For live streaming, compression is key. If you compress too much, you will both lose quality, but also, you might require more effort on the client device to decompress the data, therefore, causing delays and hiccups in the user experience.
For that reason a good compression for streaming should be mathematically easy to decompress on-the-fly so that video/audio players can quickly restore the compressed data for us, humans, to enjoy, in as close to real-time as possible, with minimal latency.

So, what does all this have to do with ZCast? Well, Everything!

When we set on the mission to choose the best compression and audio codec (encoding/decoding) format for our HD system, we needed a solution that will allow you, our user, to choose how great you want your audio to sound, and not be limited by our decision, but only by your selection of equipment and networks.

After analyzing and testing many libraries, formats, and compressions, we have chosen OPUS as our preferred audio codec.
OPUS checks the box on multiple requirements:

  • Audio quality
  • Compression level
  • Supported platforms
  • Robust network conditions handling

Let’s start with quality

The OPUS format supports up to 48KHz Stereo audio with a compression that is barely noticeable for spoken words and music, giving results that are superior to mp3, which is the most common audio compression out there today.


OPUS compresses the data in the most efficient way and reduces the size of the stream to allow seamless HD audio broadcasting even on poor 3G cellular networks.

Supported Platforms

OPUS is supported natively on all major browsers such as Chrome, FireFox, Microsoft Edge and even Safari (starting with Safari 11 that will come out in the coming months).
OPUS doesn’t require any plugins to be installed.
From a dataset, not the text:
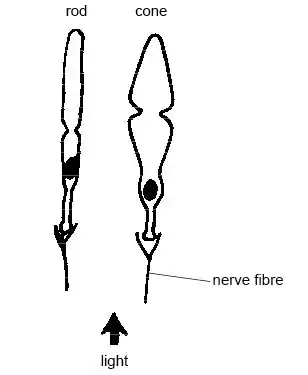 The rod cells are long and fat and are sensitive to dim light but cannot detect colour. They contain large amounts of a pigment that changes when exposed to light. This pigment comes from vitamin A found in carrots etc. A deficiency of this vitamin causes night blindness. So your mother was right when she told you to eat your carrots as they would help you see in the dark!
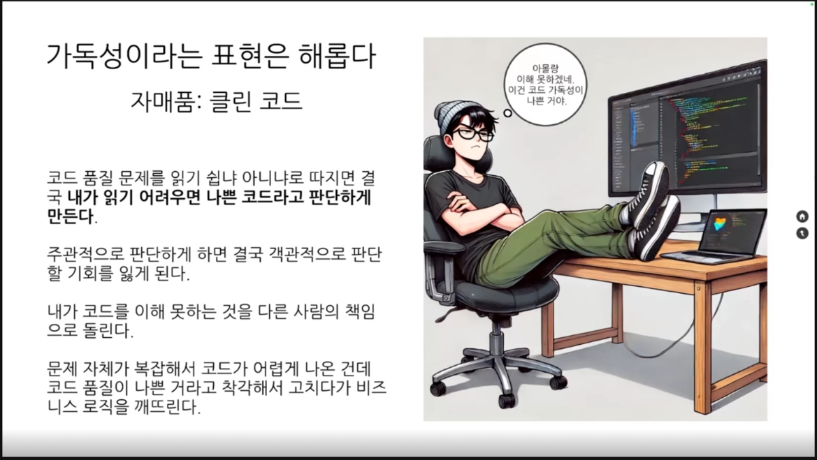 그런데, 코드를 많이 보면서 느꼈던 건 가독성이란게 혹시 그냥 내가 보기 좋은 코드를 말하는게 아닐까? 라는 생각을 하게 됐다.

Your browser already has all that is needed to use it.
OPUS is also supported by all native iOS and Android implementations of the WebRTC protocol.

Robust network conditions handling

In addition, not only that OPUS can compress up to 48KHz of stereo audio in real-time, but it can also dynamically adapt to the quality of your network condition at each given moment, and if your cellular network is acting up, or your Wi-Fi bandwidth is down because your family is streaming three different Sponge Bob episodes on three different iPads on your home network at the same time, while you are broadcasting your ZCast, it will automatically increase the compression and reduce the network footprint of your content! So whether you are broadcasting from your car while driving, or from your basement, once you hit a bad network situation, your broadcast will continue with the best-possible quality that your current network allows for!


We are excited for this release of ZCast and we are sure that it will allow you to start creating high-quality content while interviewing your guest speakers and be able to control the quality of your content like you couldn’t do it before.